We provide a static golden reference per intent query (JSONL). Each gold record contains weighted nuggets and traceability fields. At evaluation time, a candidate answer is scored by weighted nugget recall with partial credit: full=1, partial=0.5, none=0.
restore_score_100 = 100 * ( sum_j w_j * s(cov_j) ) / ( sum_j w_j )
s(full)=1, s(partial)=0.5, s(none)=0
Only gold.nuggets are required by eval_gold.py for scoring; other fields are included for debugging and analysis.
Below are compact summary tables for one-turn and three-turn clarification results reported in the paper.
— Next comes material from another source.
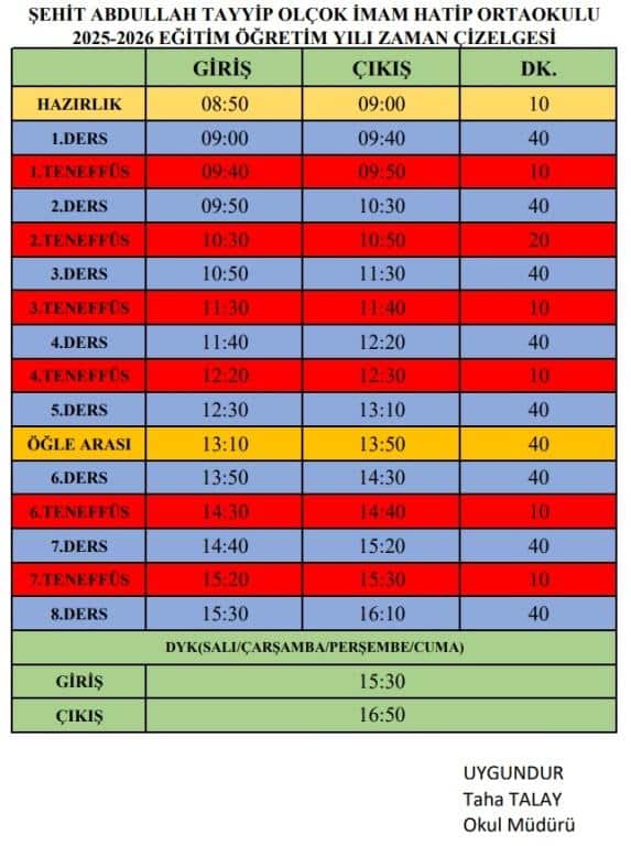ZAMAN ÇİZELGESİ İÇİN TIKLAYINIZ

At k=1, GPT achieves the strongest one-turn result; at k=3, ERNIE-4.5-Turbo-128K achieves the best overall performance.
| System | k | mean | p50 | p90 |
|---|---|---|---|---|
| orig | – | 19.434 | 20.454 | 35.294 |
| Qwen3-235B-A22B-Instruct | 1 | 22.527 | 19.565 | 47.211 |
| ERNIE-4.5-Turbo-128K | 1 | 23.460 | 20.000 | 50.000 |
| DeepSeek-3.2 | 1 | 23.234 | 21.053 | 48.416 |
| Kimi-K2-Instruct | 1 | 22.687 | 20.000 | 46.236 |
| GPT-5.2 | 1 | 26.474 | 25.000 | 50.000 |
| Claude-Sonnet-4.5 | 1 | 25.911 | 23.333 | 52.996 |
| Gemini-2.5-Pro | 1 | 25.874 | 21.429 | 52.996 |
| System | k | mean | p50 | p90 |
|---|---|---|---|---|
| orig | – | 19.434 | 20.454 | 35.294 |
| Qwen3-235B-A22B-Instruct | 3 | 26.235 | 22.997 | 51.744 |
| ERNIE-4.5-Turbo-128K | 3 | 28.339 | 26.087 | 57.143 |
| DeepSeek-3.2 | 3 | 26.486 | 25.000 | 52.424 |
| Kimi-K2-Instruct | 3 | 26.568 | 23.509 | 56.310 |
| GPT-5.2 | 3 | 26.297 | 23.385 | 54.407 |
| Claude-Sonnet-4.5 | 3 | 27.029 | 25.000 | 53.329 |
| Gemini-2.5-Pro | 3 | 27.126 | 24.194 | 52.628 |
The three-turn setting highlights that larger clarification budgets reward sustained question-selection quality: ERNIE-4.5-Turbo-128K obtains the highest mean, median, and p90 scores at k=3.
Please cite our paper if you use the benchmark, code, or evaluation artifacts.
@inproceedings{huang2026clarifythensearch,
title = {Clarify-Then-Search: A Clarification Benchmark for Deep Search with End-to-End Nugget Restoration},
author = {Huang, Deqiang and Zhou, Jingbo and Lu, Xinjiang and Xu, Tong and Wu, Hua and Chen, Enhong},
booktitle = {Proceedings of the 32nd ACM SIGKDD Conference on Knowledge Discovery and Data Mining},
year = {2026}
}
Code: MIT License (see LICENSE)
Data: CC BY 4.0 (see DATA_LICENSE)
This release includes model-generated outputs and automatically judged scores. Provided answers may contain errors.